*YOUR OBJECTIVE:* Print the records below exactly, starting at the first line and stopping after the line that contains "Pantalla táctil WVGA". Leave out any pictures.

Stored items
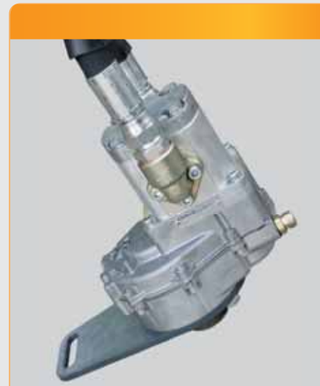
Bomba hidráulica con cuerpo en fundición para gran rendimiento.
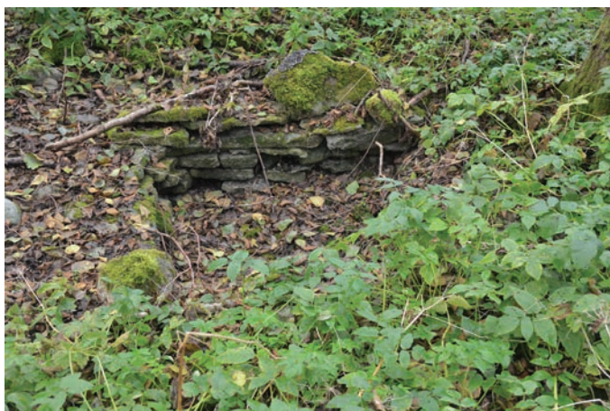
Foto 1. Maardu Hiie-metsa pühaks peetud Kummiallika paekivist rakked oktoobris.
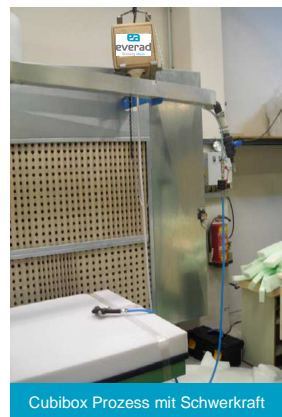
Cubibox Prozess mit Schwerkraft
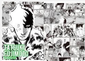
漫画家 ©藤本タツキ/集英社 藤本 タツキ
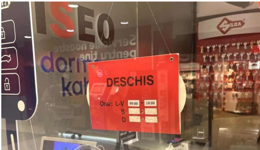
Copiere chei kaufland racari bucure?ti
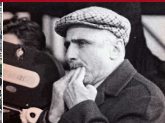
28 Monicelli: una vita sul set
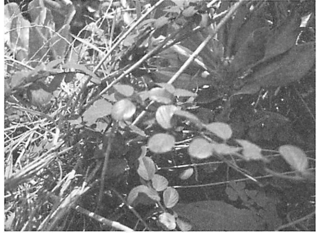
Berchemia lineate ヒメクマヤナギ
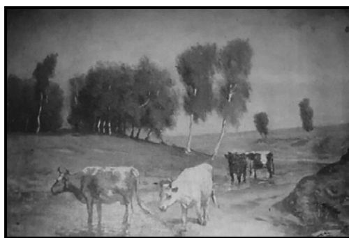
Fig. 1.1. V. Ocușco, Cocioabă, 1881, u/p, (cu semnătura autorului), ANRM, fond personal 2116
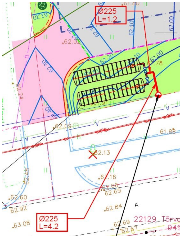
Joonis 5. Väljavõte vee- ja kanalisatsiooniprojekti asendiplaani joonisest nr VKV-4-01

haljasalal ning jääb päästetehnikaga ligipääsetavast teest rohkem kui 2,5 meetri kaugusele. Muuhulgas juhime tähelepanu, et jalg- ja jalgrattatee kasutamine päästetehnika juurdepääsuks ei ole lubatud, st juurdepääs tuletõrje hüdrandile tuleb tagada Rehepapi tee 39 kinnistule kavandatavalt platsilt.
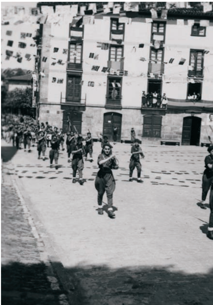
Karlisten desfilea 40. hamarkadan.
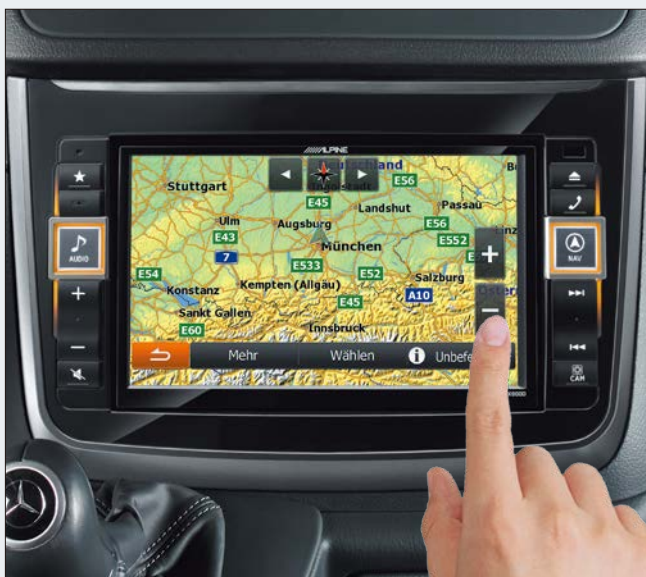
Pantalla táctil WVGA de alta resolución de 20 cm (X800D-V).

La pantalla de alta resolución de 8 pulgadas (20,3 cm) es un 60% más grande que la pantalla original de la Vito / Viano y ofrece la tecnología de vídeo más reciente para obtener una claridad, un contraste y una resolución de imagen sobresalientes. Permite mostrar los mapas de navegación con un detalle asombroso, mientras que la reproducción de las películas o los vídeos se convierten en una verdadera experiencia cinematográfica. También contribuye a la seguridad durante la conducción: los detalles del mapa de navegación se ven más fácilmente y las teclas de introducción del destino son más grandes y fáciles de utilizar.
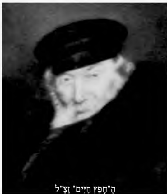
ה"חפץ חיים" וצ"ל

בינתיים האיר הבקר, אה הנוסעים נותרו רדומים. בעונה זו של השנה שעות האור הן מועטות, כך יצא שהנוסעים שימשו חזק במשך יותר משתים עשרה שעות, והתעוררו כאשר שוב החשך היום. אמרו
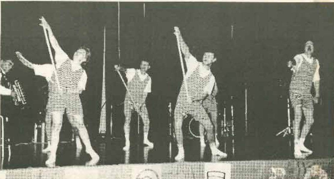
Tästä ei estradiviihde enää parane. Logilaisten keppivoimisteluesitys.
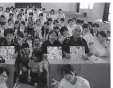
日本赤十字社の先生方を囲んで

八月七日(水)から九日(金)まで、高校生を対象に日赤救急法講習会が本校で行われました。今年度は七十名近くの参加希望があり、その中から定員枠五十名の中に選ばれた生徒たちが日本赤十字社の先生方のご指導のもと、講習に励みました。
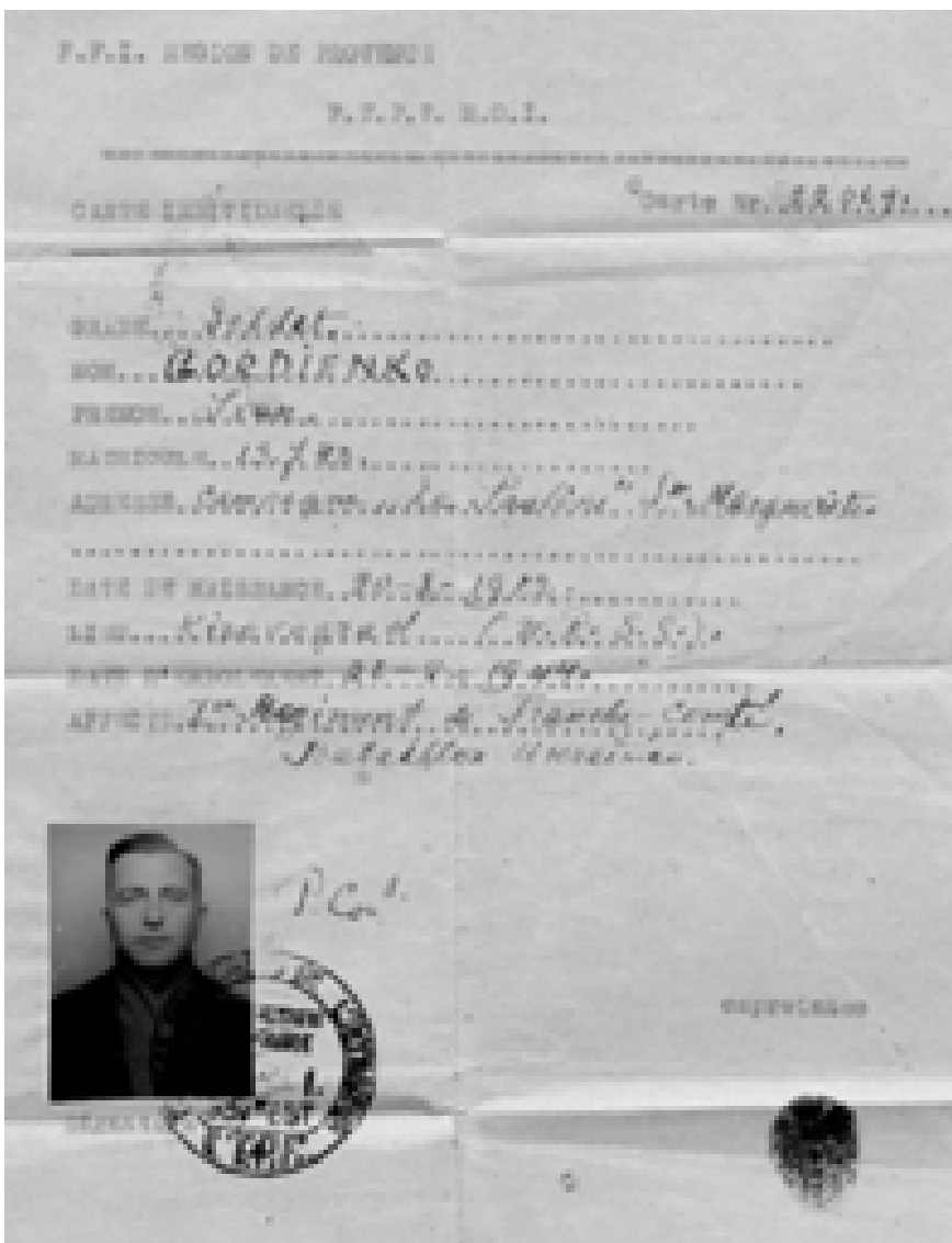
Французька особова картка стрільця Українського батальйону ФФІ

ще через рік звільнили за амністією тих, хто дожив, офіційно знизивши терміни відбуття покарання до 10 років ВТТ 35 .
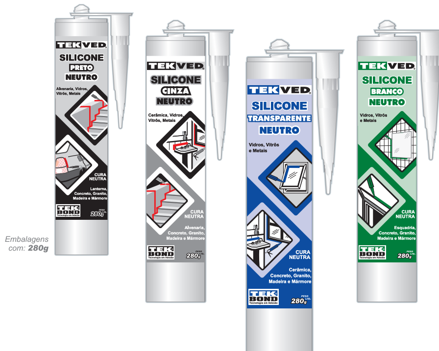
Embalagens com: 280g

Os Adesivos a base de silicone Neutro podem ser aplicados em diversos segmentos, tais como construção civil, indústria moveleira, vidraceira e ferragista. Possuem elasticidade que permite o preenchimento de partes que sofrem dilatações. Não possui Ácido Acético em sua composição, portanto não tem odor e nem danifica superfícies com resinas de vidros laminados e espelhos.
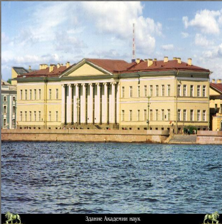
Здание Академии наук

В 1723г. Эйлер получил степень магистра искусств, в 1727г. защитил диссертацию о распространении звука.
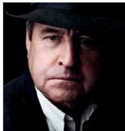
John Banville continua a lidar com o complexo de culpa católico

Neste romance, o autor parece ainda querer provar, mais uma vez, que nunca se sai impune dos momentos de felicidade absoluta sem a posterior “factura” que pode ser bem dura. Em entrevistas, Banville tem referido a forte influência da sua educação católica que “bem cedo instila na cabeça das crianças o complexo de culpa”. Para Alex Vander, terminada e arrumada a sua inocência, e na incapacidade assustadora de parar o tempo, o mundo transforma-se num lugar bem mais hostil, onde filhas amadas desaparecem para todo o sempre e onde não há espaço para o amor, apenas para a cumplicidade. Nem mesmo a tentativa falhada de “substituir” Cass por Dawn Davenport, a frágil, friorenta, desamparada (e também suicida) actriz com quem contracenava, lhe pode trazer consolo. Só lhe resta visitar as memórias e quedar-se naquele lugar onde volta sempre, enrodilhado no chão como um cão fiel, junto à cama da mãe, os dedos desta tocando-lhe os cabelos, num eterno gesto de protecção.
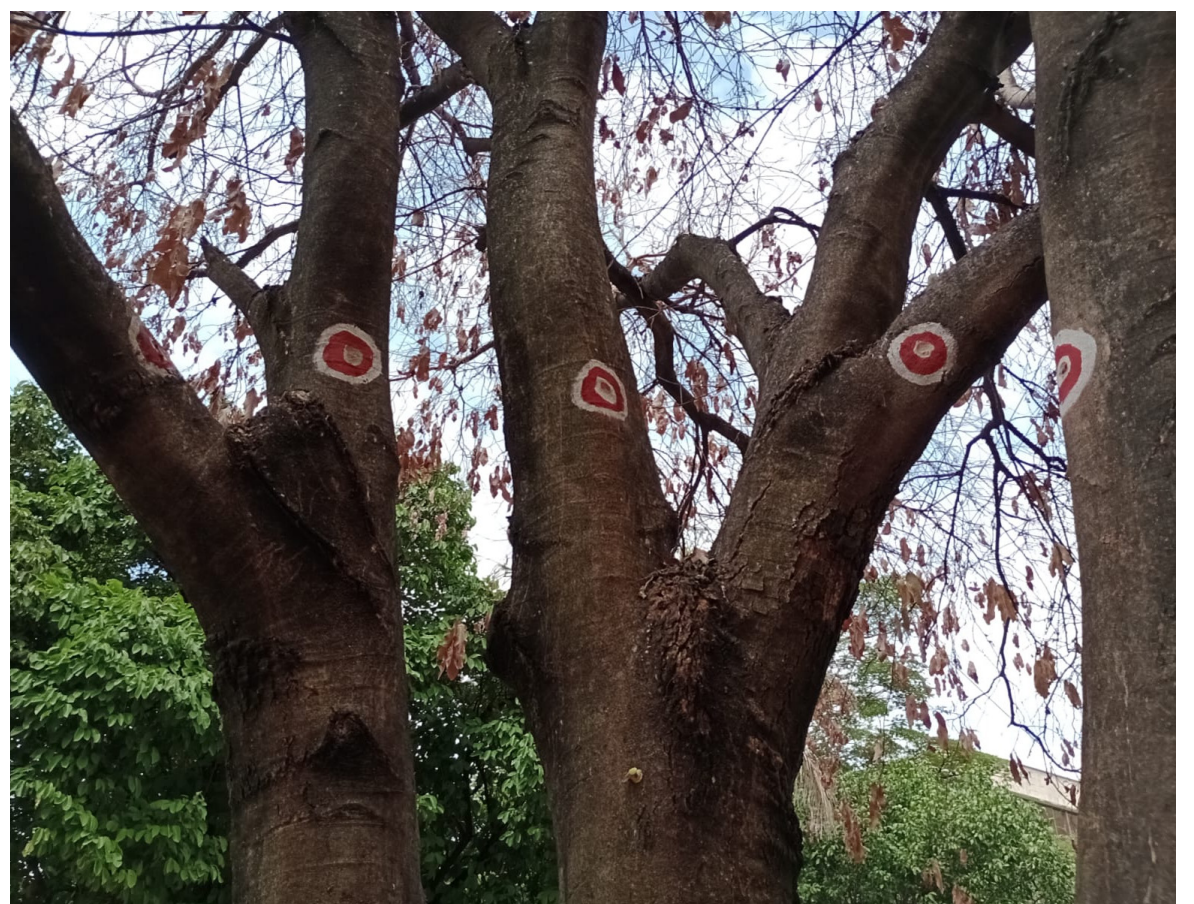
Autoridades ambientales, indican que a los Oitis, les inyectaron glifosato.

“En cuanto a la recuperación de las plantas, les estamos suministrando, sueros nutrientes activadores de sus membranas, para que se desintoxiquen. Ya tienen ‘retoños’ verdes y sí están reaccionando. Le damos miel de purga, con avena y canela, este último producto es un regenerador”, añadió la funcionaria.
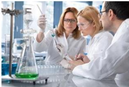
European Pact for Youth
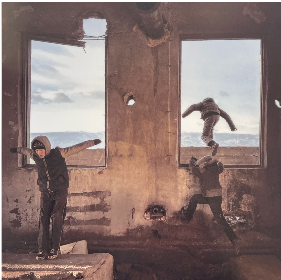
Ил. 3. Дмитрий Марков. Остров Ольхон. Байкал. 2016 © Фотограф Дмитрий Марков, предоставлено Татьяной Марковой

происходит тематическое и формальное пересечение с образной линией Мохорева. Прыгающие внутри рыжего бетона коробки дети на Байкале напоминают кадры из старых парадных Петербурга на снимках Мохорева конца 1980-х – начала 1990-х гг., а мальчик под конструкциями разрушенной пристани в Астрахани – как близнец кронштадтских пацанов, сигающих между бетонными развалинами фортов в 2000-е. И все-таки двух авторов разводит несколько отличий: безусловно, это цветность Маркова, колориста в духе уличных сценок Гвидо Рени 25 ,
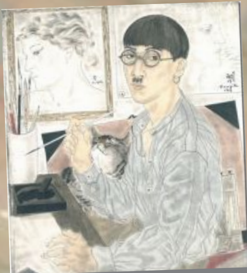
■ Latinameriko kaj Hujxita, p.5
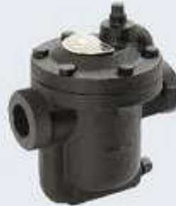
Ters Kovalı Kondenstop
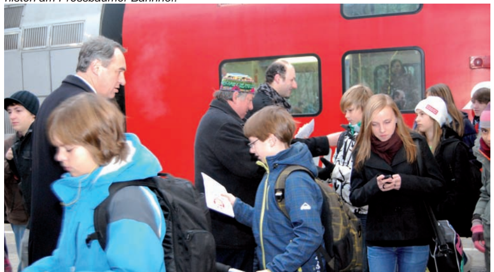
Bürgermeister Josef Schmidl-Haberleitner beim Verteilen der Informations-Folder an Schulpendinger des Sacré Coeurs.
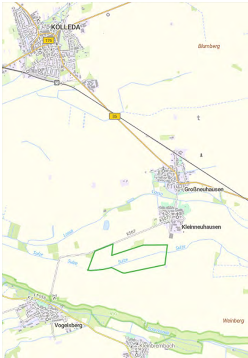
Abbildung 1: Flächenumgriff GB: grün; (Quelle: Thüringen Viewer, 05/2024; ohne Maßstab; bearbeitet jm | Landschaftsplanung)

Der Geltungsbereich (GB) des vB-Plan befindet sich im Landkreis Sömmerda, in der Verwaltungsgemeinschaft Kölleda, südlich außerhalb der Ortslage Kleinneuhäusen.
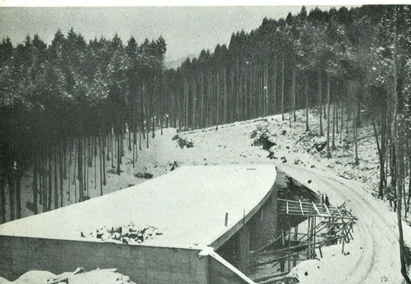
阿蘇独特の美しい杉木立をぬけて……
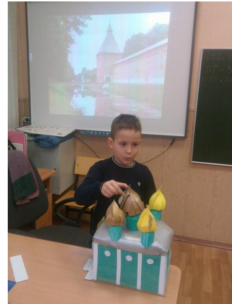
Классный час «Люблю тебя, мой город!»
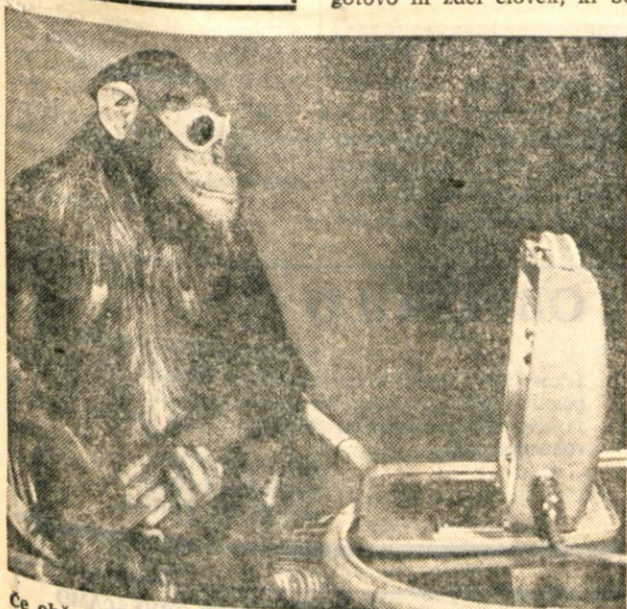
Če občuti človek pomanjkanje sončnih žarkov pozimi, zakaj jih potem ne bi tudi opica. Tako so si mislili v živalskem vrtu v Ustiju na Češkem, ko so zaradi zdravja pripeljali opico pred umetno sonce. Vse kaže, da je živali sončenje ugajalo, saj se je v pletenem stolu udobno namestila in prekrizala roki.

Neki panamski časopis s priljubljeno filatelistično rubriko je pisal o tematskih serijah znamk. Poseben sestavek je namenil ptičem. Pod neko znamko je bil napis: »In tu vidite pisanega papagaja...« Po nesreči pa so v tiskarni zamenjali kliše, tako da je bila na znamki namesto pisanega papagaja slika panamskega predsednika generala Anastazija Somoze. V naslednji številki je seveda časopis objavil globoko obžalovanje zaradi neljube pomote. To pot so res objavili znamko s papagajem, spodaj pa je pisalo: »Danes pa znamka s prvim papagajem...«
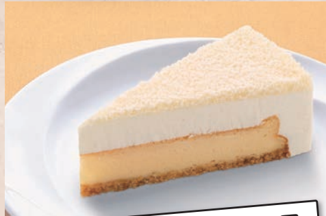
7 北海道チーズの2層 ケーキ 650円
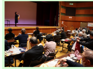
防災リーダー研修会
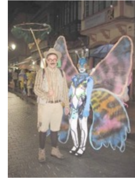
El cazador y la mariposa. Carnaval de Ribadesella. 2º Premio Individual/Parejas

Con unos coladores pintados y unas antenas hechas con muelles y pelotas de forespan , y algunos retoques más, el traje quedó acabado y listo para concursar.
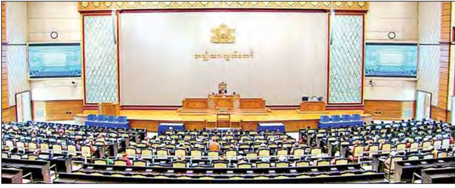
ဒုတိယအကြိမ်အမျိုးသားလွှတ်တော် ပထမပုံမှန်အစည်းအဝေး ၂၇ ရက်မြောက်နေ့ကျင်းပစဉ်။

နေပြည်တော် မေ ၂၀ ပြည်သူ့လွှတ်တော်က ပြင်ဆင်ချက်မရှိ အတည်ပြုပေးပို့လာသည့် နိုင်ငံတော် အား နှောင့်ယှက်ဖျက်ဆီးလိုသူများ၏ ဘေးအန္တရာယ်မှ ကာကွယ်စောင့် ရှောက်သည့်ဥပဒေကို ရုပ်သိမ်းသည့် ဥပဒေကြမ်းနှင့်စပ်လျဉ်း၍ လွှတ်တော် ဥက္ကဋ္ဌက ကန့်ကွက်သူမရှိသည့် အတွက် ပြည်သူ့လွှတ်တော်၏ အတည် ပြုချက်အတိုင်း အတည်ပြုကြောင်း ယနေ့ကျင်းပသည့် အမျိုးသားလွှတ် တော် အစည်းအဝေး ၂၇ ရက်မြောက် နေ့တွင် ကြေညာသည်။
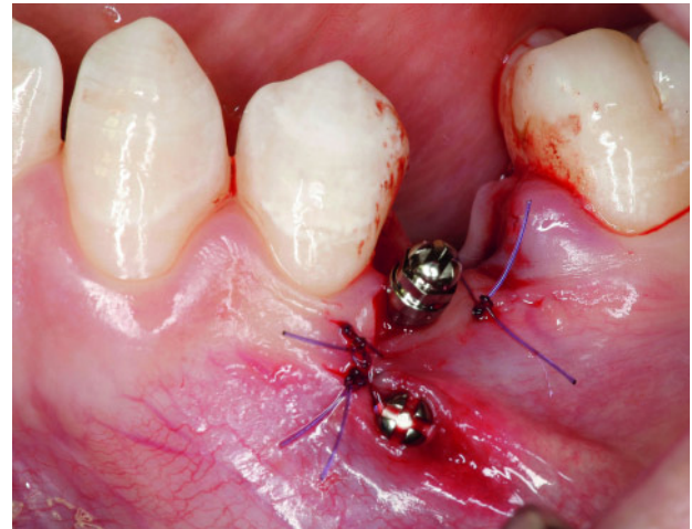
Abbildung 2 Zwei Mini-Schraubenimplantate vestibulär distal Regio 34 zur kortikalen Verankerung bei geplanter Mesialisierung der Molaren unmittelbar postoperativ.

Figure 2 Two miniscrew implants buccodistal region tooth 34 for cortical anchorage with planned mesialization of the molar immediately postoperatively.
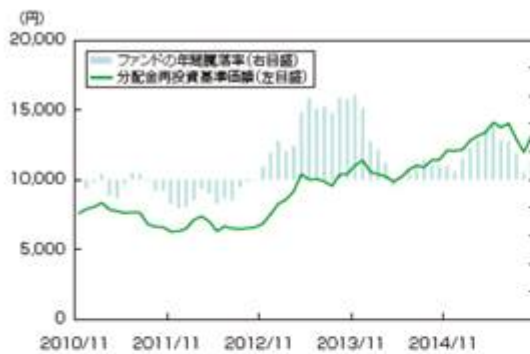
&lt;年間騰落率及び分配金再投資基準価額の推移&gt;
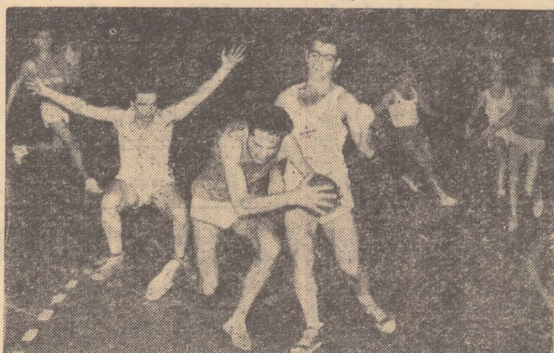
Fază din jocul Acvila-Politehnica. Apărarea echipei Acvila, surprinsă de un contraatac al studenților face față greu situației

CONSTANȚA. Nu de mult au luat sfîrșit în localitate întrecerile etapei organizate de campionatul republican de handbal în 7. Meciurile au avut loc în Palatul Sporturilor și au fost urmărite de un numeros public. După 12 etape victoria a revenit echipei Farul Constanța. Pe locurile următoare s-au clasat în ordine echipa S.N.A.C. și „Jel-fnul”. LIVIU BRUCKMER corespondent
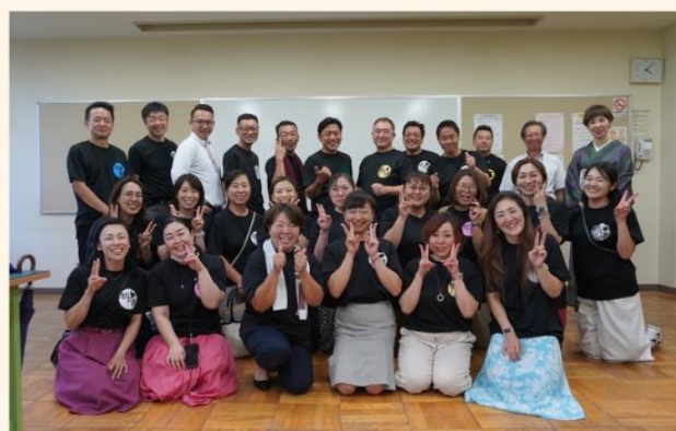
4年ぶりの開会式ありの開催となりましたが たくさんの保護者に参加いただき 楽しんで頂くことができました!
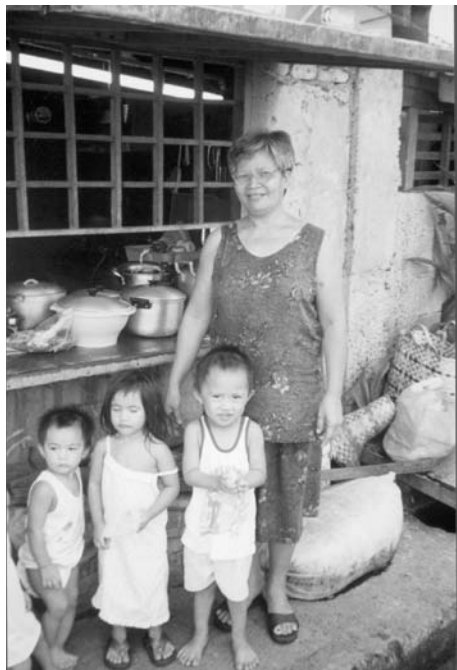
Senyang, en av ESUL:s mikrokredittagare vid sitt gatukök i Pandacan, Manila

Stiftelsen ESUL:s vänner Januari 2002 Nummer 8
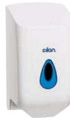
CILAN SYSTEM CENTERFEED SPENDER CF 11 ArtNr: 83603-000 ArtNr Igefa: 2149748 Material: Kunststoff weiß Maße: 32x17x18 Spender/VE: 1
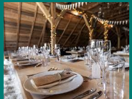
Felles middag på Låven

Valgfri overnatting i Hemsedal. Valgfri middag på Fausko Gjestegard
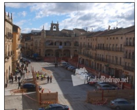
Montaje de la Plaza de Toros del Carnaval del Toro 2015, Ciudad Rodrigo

*WRITTEN ANSWER:*
Bomba hidráulica con cuerpo en fundición para gran rendimiento.
Foto 1. Maardu Hiie-metsa pühaks peetud Kummiallika paekivist rakked oktoobris.
Cubibox Prozess mit Schwerkraft
漫画家 ©藤本タツキ/集英社 藤本 タツキ
Copiere chei kaufland racari bucure?ti
28 Monicelli: una vita sul set
Berchemia lineate ヒメクマヤナギ
Fig. 1.1. V. Ocușco, Cocioabă, 1881, u/p, (cu semnătura autorului), ANRM, fond personal 2116
Joonis 5. Väljavõte vee- ja kanalisatsiooniprojekti asendiplaani joonisest nr VKV-4-01

haljasalal ning jääb päästetehnikaga ligipääsetavast teest rohkem kui 2,5 meetri kaugusele. Muuhulgas juhime tähelepanu, et jalg- ja jalgrattatee kasutamine päästetehnika juurdepääsuks ei ole lubatud, st juurdepääs tuletõrje hüdrandile tuleb tagada Rehepapi tee 39 kinnistule kavandatavalt platsilt.
Karlisten desfilea 40. hamarkadan.
Pantalla táctil WVGA de alta resolución de 20 cm (X800D-V).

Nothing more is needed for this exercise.